------ Stored data ------
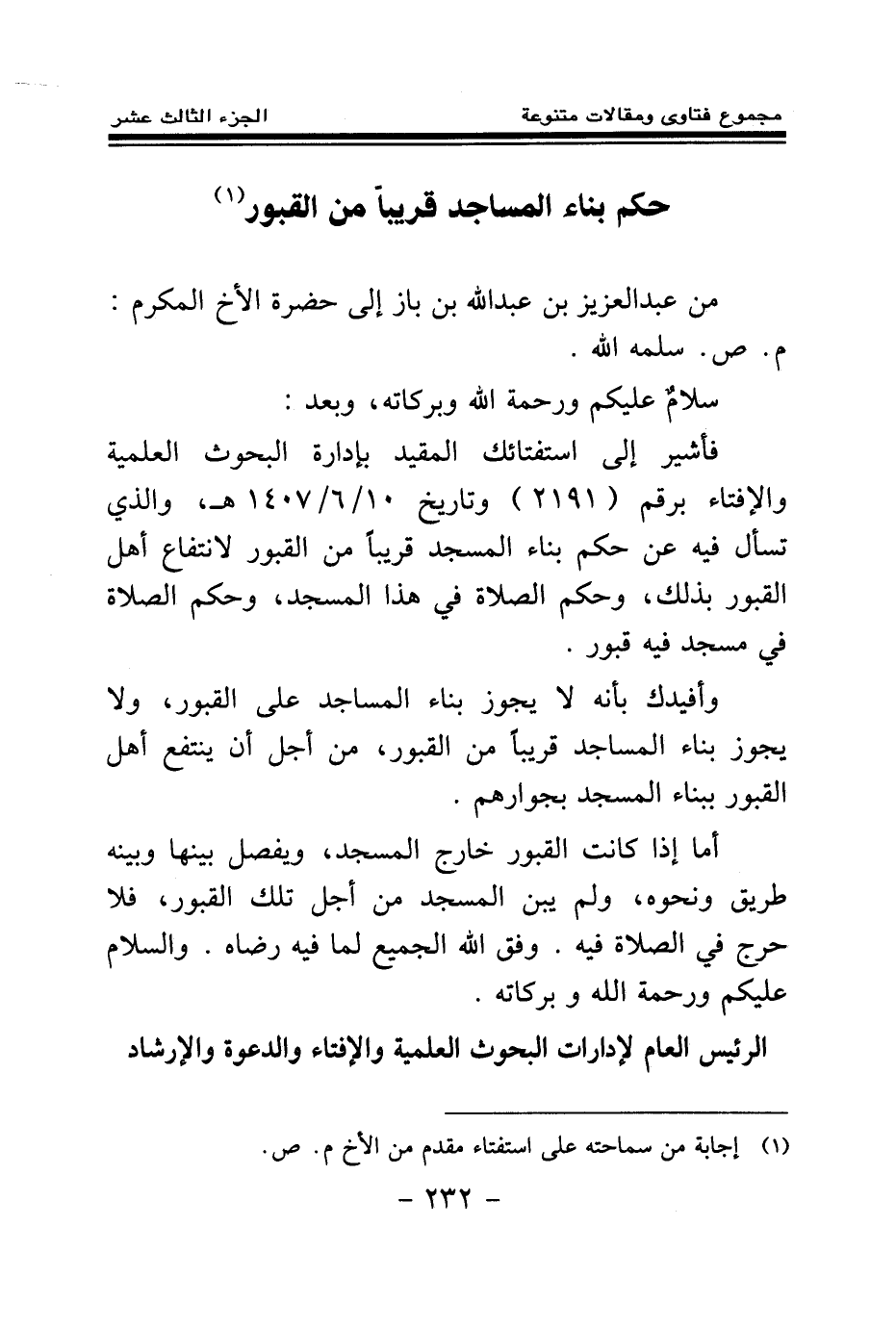من عبد العزيز بن عبد الله بن باز إلى حضرة الأخ المكرم: م. ص. سلمه الله. سلام عليكم ورحمة الله وبركاته، وبعد: فأشير إلى استفتائك المقيد بإدارة البحوث العلمية والإفتاء برقم (2191) وتاريخ10 \ 6 \ 1407 هـ، والذي تسأل فيه عن حكم بناء المسجد قريبا من القبور لانتفاع أهل القبور بذلك، وحكم الصلاة في هذا المسجد، وحكم الصلاة في مسجد فيه قبور؟ وأفيدك بأنه لا يجوز بناء المساجد على القبور، ولا يجوز بناء المساجد قريبا من القبور، من أجل أن ينتفع أهل القبور ببناء المسجد بجوارهم. أما إذا كانت القبور خارج المسجد، ويفصل بينها وبينه طريق ونحوه، ولم يبن المسجد من أجل تلك القبور، فلا حرج في الصلاة فيه. وفق الله الجميع لما فيه رضاه. والسلام عليكم ورحمة الله وبركاته. الرئيس العام لإدارات البحوث العلمية والإفتاء والدعوة والإرشاد.
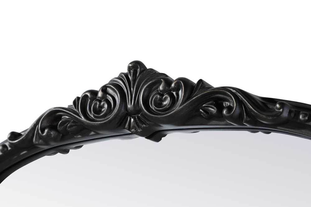 Bring classic charm and vintage character to your home with this arched wall mirror in a distressed vintage bronze finish. The hand-painted frame showcases ornate scroll and floral detailing, creating a refined, old-world aesthetic. Crafted from resin with an MDF backing board, this mirror is lightweight yet durable. Designed for vertical hanging only, it includes a metal inset hanger for easy installation (hardware not included). Whether placed above a fireplace mantel, in an entryway, or as an accent piece in a living room, this mirror enhances the space with its architectural beauty. Available in multiple sizes and an alternative antique brass finish, it is a versatile addition to classic, vintage, or French-inspired interiors.
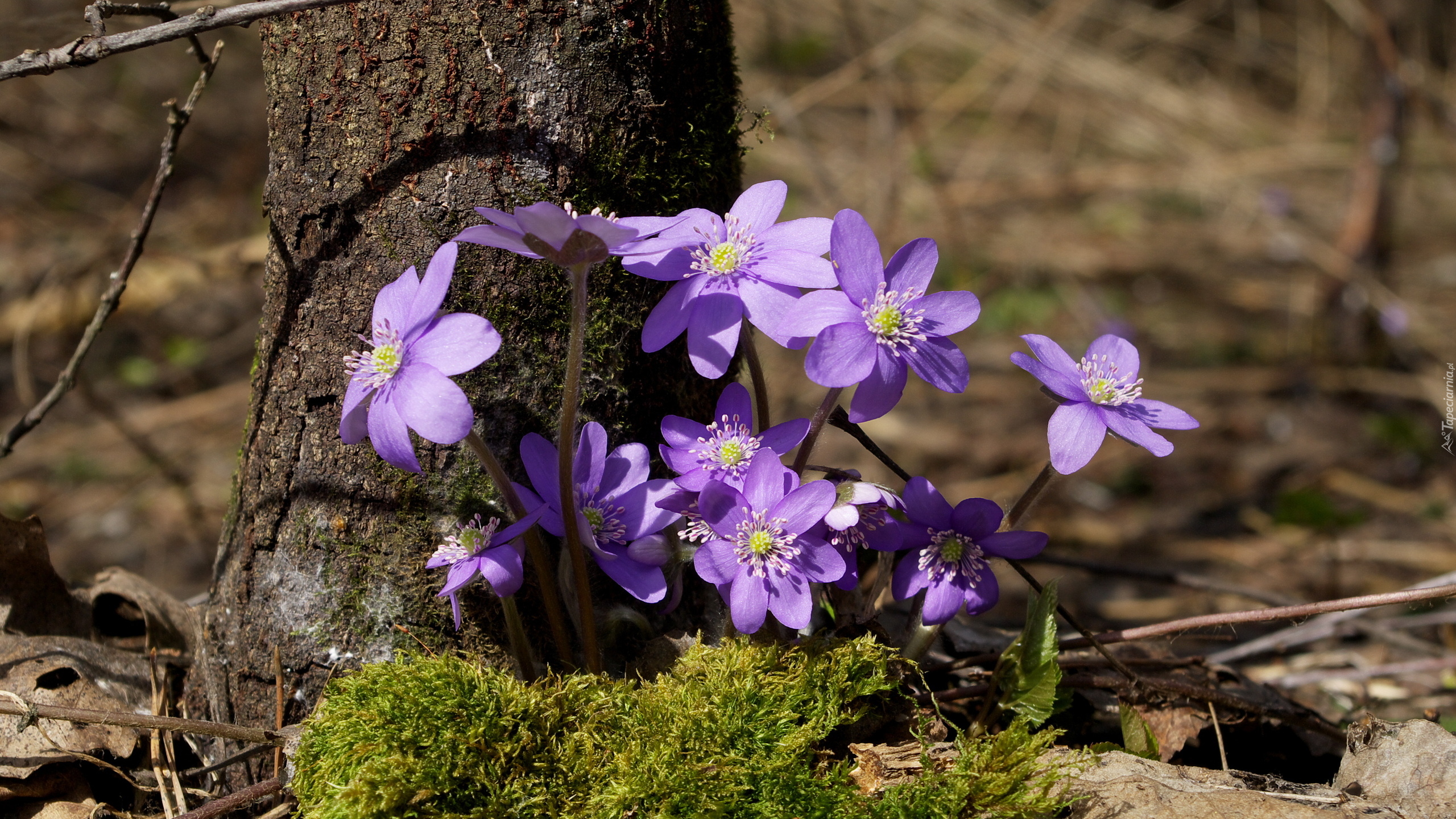 Edytor tapety: Fioletowe przylaszczki zakwitły na mchu przy drzewie
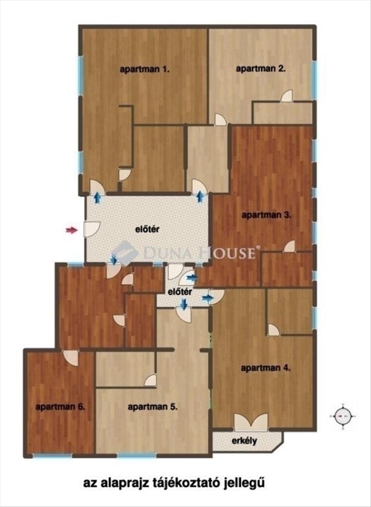 A szálláshely a társasház magasföldszintjén két külön helyrajziszámon lévő lakásból lett kialakítva, és csak egyben eladók! a jó állapotú társasház lépcsőháza és udvara rendezett, esztétikus.
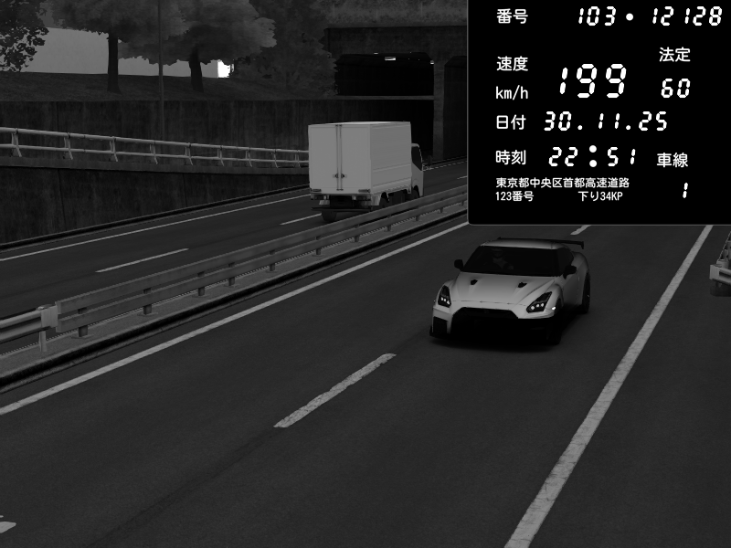 | 2025/11/30 22:51 | C1内回り 銀座 | 199 / 60 km/h | ytterbium | Nissan GT-R NISMO 2017 | CAPTURE |
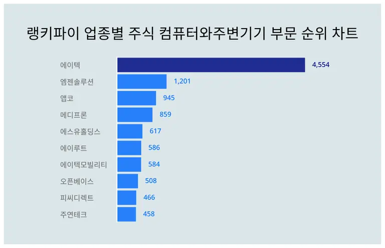 업종별 주식 컴퓨터와주변기기 부문 트렌드지수에서 에이텍 주가는 2024년 4월 3주차 트렌드지수 분석 결과 1위를 차지했다.
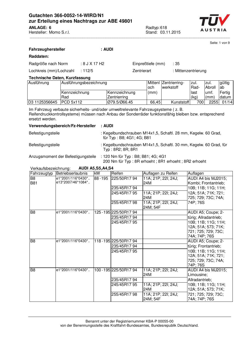 Felgengutachten / ABE für Alufelgen Momo QUANTUM (8Jx17 ET 0, Mittenloch 0 mm) mit KBA 49801 (Zertifikatsnummer 366-0052-14-WIRD/N1__Anlage_6). Hier kostenlos als PDF herunterladen. Der Download-Link ist 24 Stunden gültig und kann bis zu zwei Mal verwendet werden.
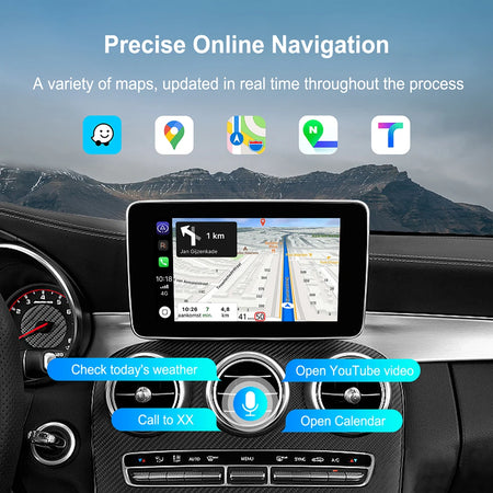 - Navigație îmbunătățită cu trafic în timp real: Utilizați Google Maps, Waze sau Apple Maps cu actualizări de trafic live direct pe display-ul mașinii dumneavoastră.
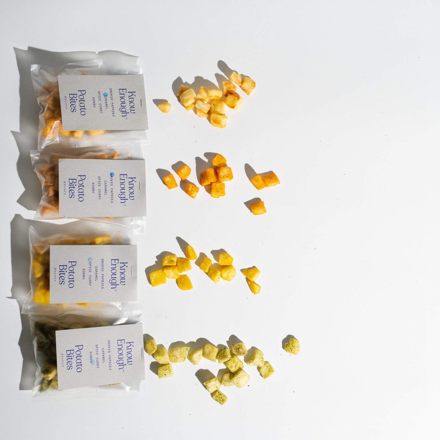 KnowEnoughは、北海道美唄市で誕生したヴィーガンスイーツブランド。ブランド名の「Know Enough(足るを知る)」は、“ないものではなく、すでにあるものに気づく”という哲学から名付けられています。
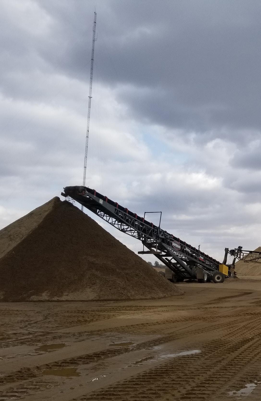 At the Blairsferry Specialty Products facility, the team is processing a gravel product and making high-angle sand. The team is using conveyors, a crusher, and a screen to produce the product.
------
Exercise directions: From the listing above, please give again the lines that begin with the line holding "Edytor tapety: Fioletowe" and go on through the line holding "KnowEnoughは、北海", exactly, both ends included, minus any picture.

Exercise answer:
 Edytor tapety: Fioletowe przylaszczki zakwitły na mchu przy drzewie
 A szálláshely a társasház magasföldszintjén két külön helyrajziszámon lévő lakásból lett kialakítva, és csak egyben eladók! a jó állapotú társasház lépcsőháza és udvara rendezett, esztétikus.
 | 2025/11/30 22:51 | C1内回り 銀座 | 199 / 60 km/h | ytterbium | Nissan GT-R NISMO 2017 | CAPTURE |
 업종별 주식 컴퓨터와주변기기 부문 트렌드지수에서 에이텍 주가는 2024년 4월 3주차 트렌드지수 분석 결과 1위를 차지했다.
 Felgengutachten / ABE für Alufelgen Momo QUANTUM (8Jx17 ET 0, Mittenloch 0 mm) mit KBA 49801 (Zertifikatsnummer 366-0052-14-WIRD/N1__Anlage_6). Hier kostenlos als PDF herunterladen. Der Download-Link ist 24 Stunden gültig und kann bis zu zwei Mal verwendet werden.
 - Navigație îmbunătățită cu trafic în timp real: Utilizați Google Maps, Waze sau Apple Maps cu actualizări de trafic live direct pe display-ul mașinii dumneavoastră.
 KnowEnoughは、北海道美唄市で誕生したヴィーガンスイーツブランド。ブランド名の「Know Enough(足るを知る)」は、“ないものではなく、すでにあるものに気づく”という哲学から名付けられています。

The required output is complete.